この「新入社員が元気よく笑顔で挨拶できない」という極めてシンプルな問題ですが、こうして定番化するほどビジネスマナー研修が行われているのにも関わらず、依然として解決できずにいるという企業さんは少なくありません。これはなぜなのでしょうか?

人事教育担当の方にこの質問をすると「配属先の先輩がやっていないから」という答えが真っ先に上がります。しかし、これはその先輩が悪いというわけでもないのです。なぜなら、毎年同じ問題が起きているということは、その配属先の先輩が新入社員だったときにも同じ問題が起きていた可能性が高いためです。

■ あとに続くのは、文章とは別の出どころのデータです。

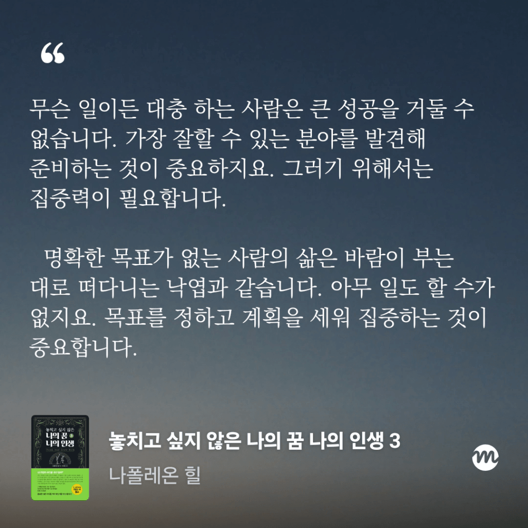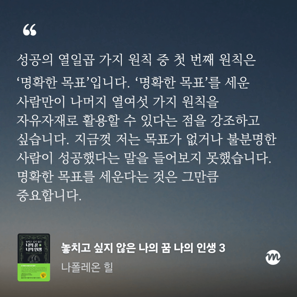 목표를 잃지 않음으로 결국엔 이루는 인생이 되었으면 좋겠다.

すなわち、今の新入社員と同じ「元気よく笑顔で挨拶できない」状態であり、「先輩もやっていない」状態だったということです。となると、部下や後輩が出来た今となっても、この極めてシンプルな問題を持ち続けている可能性があります。

解決策は、「元気よく笑顔で挨拶する」目的を理解・納得してもらうこと

これを解決するのは、「なぜ、元気よく笑顔で挨拶するのか?」という質問に、本人が納得して答えられる状態をつくるということに他なりません。世間にこの問題が蔓延したままであるということは、その状態を作ることができていないマナー研修が世の中に多く存在しているということでもあります。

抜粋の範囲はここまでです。